Within each iteration the optimizer does roughly the following:
When all mini-batches are consumed, the epoch ends. The data is shuffled and a new epoch begins. Training stops once the loss on a held-out set stops improving, or a maximum iteration count is reached.
The three classical variants of gradient descent differ only in how many examples contribute to each update.
| Method | Examples per update | Update frequency per epoch | Typical use |
|---|---|---|---|
| Batch (full-batch) gradient descent | The entire training set | 1 | Small classical ML problems |
| Stochastic gradient descent (pure SGD) | 1 | One per example | Online learning, theoretical analysis |
| Mini-batch gradient descent | Usually 16 to 1,024 | Dataset size divided by batch size | Almost all modern deep learning |
Full-batch gradient descent gives the lowest-variance estimate of the true gradient, but each step is expensive on a large dataset and the parameters only move once per epoch. Pure SGD with a batch size of one is light per update, but every step is based on a single example, so the gradient is extremely noisy and modern hardware ends up underutilized.

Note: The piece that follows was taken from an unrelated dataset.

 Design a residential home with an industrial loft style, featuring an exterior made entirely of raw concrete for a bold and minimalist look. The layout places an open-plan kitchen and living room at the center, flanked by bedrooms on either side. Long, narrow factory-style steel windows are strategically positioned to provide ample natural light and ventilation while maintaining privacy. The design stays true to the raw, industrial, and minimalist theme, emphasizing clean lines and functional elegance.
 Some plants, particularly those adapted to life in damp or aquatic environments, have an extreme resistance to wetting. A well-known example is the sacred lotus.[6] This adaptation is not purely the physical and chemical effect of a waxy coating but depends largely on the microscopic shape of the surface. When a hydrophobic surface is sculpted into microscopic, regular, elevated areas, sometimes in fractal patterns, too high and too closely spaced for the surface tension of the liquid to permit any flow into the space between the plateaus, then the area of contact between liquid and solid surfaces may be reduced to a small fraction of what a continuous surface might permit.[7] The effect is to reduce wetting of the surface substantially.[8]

Mini-batches compromise. The gradient on a mini-batch is an unbiased estimate of the full-data gradient, with variance that shrinks roughly with one over the batch size. GPUs and TPUs reach their peak throughput on batched matrix multiplications, so a mini-batch of 128 or 256 examples often runs only a little slower than a mini-batch of 32, while delivering a much less noisy gradient and a much higher utilization rate.
Common mini-batch sizes are powers of two: 32, 64, 128, 256, 512, and 1,024. The convention comes from older GPU guidance suggesting that aligned, power-of-two tensor dimensions map cleanly onto hardware warps and tensor cores. Sebastian Raschka's 2022 benchmarks showed that the speed difference between a power of two and a nearby non-power-of-two value is small on current hardware, so the convention is more habit than hard requirement.

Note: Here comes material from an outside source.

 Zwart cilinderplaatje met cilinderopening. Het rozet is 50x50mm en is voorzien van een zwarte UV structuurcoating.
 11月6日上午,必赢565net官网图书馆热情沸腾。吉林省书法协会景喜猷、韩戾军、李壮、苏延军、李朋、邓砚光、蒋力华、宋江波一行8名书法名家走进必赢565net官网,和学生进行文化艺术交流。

A few rules of thumb from practitioner guides:
In their 2017 ICLR paper on large-batch training, Keskar and co-authors defined the small-batch regime as 32 to 512 examples, which matches the default range in many deep learning frameworks.
The practical ceiling on batch size is usually GPU memory, not optimization theory. Larger batches store more activations during the forward pass, because backpropagation needs them again on the way back. When the desired batch size exceeds what fits on one accelerator, two workarounds are standard:
Batch size also controls parallelism. Tiny batches leave matrix multiplications under-shaped and waste throughput. Huge batches expose all the parallelism at the cost of more memory and more difficult optimization.

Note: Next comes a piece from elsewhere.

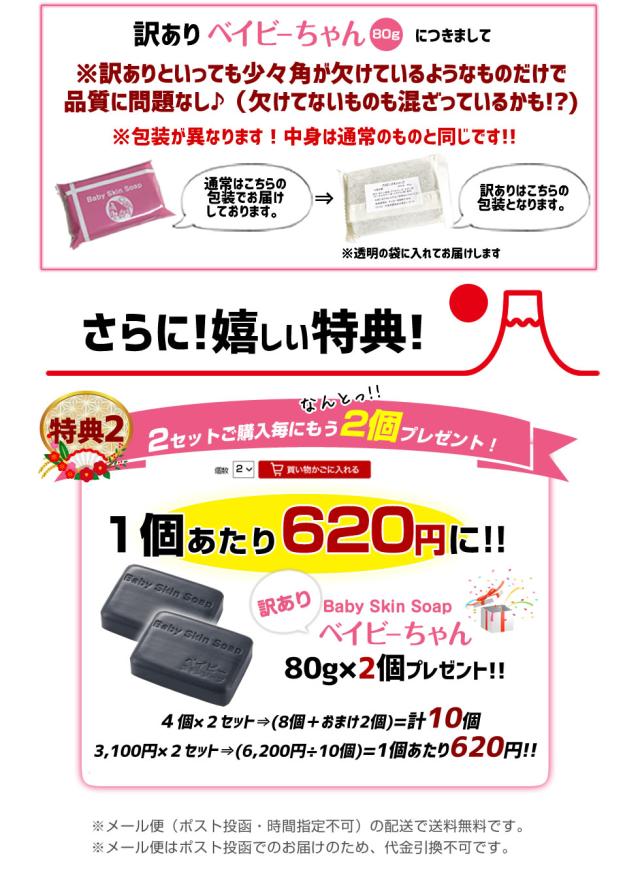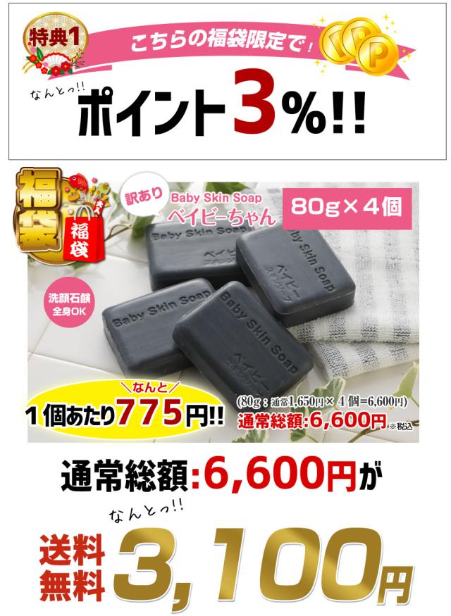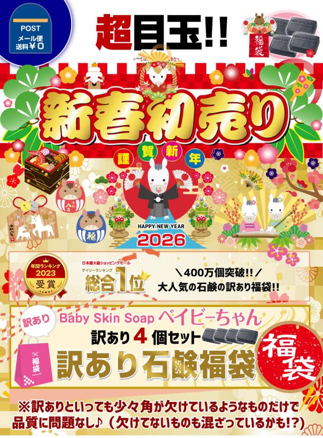 \2026年初売福袋/【訳あり】訳あり石鹸4個福袋♪ 総合1位獲得!400万個突破「訳ありベイビーちゃん4個」【メール便】送料無料 ※ 福袋特典【ポイント3%】&【2セットでもう2個⇒1個あたり\620円/に!】 ★ベイビースキンソープ 毛穴 黒ずみ 角栓除去 ニキビ予防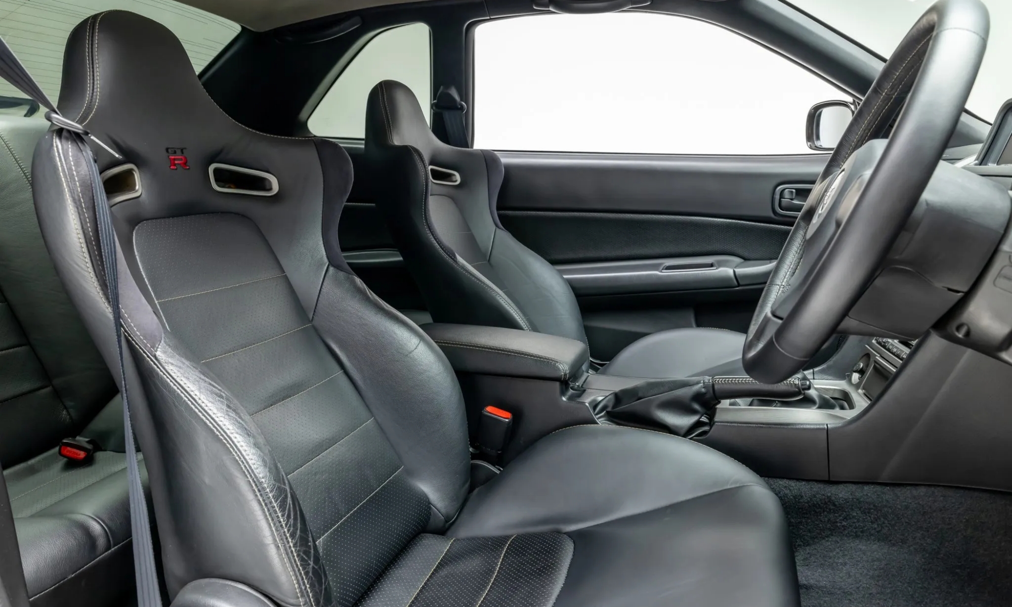 Utasterében háromküllős sportkormány van és fűthető bőrkárpitos ülések, a középkonzol tetején egy LCD kijelző van, melyen különböző fontos adatok jelennek meg. Alatta úgy néz ki a rengeteg gomb, mint egy minihifi, de a Nissan Skyline GT-R pontosan ezektől a részletektől és az eszelős technikától annyira fantasztikus sportkupé.

Larger mini-batches do not automatically lead to better-trained models. In their 2017 ICLR paper "On Large-Batch Training for Deep Learning: Generalization Gap and Sharp Minima," Keskar, Mudigere, Nocedal, Smelyanskiy, and Tang reported that switching from a small-batch regime (32 to 512 examples) to a large-batch regime causes a measurable drop in test accuracy. They argued that small-batch SGD tends to settle into flat regions of the loss surface, while large-batch SGD often converges to sharp minimizers, and that flat minima generalize better. The noise in small-batch gradients seems to act as implicit regularization. Subsequent work showed that the gap can be partially closed by changing the learning rate schedule, using warmup, or training for more epochs at the large batch size. The takeaway is that batch size is not free: doubling it and otherwise leaving everything alone often produces a slightly worse model.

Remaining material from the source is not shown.